Friday, September 09, 2005

Do you do your budget for ten years out?

Congress does, and they're rarely anywhere near close to accurate. How come Enron, Global Crossing, Worldcom, etc., can't cook their books with shell games and creative money tricks...but our federal government can?

AP Story: "Analysis Sees Deficits Growing Under Bush"
Even before the cost of Hurricane Katrina is added to the federal ledger, a Congressional Budget Office study commissioned by Democrats predicts President Bush will fail to keep his promise to cut the deficit in half by the time he leaves office.

The study by the nonpartisan CBO assumes that Congress will heed Bush's call for new tax cuts and for making those passed in 2001 and 2003 permanent. It also assumes a big slowdown in spending on the Iraq war, tight caps on domestic agency budgets and new individual Social Security accounts.
Anyone see the irony of the two statements stressed above? Democrats? Nonpartisan? Anyway, continuing:
The study predicts that the $331 billion budget deficit projected for the current budget year would rise to $370 billion by 2009, the year Bush has promised to cut the deficit to at least $260 billion. Bush promised to cut the deficit in half from a projection in February 2004 of a $521 billion deficit for 2009.

By 2015, the deficit would hit $640 billion under CBO's study.
Like I said above, a ten-year budget forecast? TEN? Hell, these guys are wrong every year, so we should believe them when they tell us TEN years? Continuing:
"Instead of complaining about the deficit, how about doing something about it?" said Bush spokesman Trent Duffy, noting that Spratt opposes Republican efforts to trim just $35 billion from federal entitlement programs over the next five years.
How about doing something about it?? How about vetoing a damned spending bill...or ANY freaking bill...for ONCE in your term, Mr. President? Good grief, he's ready to veto a bill that adds additional federal funds to stem-cell research (which I agree with, but for a different reason: it's not the federal government's job to fund ANY medical research); but he refuses to veto a bloated, pork-laden spending bill? Since elected Democrats started acting more like socialists, did that mean that Republicans had to start acting more like Democrats?

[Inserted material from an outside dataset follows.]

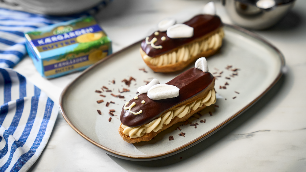 Tipp 2: Ein Eclair als kleiner Osterhase. Glasiere deine Eclairs mit weißer Schokolade und male mit flüssiger dunkler Schokolade ein Hasengesicht auf. Für die Ohren schneide mit einer Küchenschere Scheiben von einem Marshmallow ab und setze sie auf das Eclair. Für den Bommelschwanz halbiere eine dieser Scheiben erneute und setze sie ebenfalls auf das Eclair.

Democrats got complacent and arrogant over the course of 40+ years of ruling the House. Republicans won total control of Congress in 1994 by promising to roll back the Big Government mentality, massive reforms to entitlements, abolishing unnecessary federal departments (like Education), giving states more power that the federal government had unconstitutionally usurped, cutting taxes, and getting spending under control. With the exception of welfare reform in 1996 (which Clinton signed in order to get re-elected...it worked) and tax cuts, none of those other things occurred!

Instead, Republicans have now become drunk with power, arrogant in their ruling, and abandoning most of the platforms that they ran on 11 years ago. The government is more bloated than ever. I realize that Democrats would be no better and would likely be worse, especially given their disdain for the military (don't try to defend them...I can point to decades of reliable anti-defense votes and rhetoric). But I do have to wonder: how long until the American public gets fed up with this and votes smooth-talking and deceptive Democrats into power, over equally deceptive Republicans?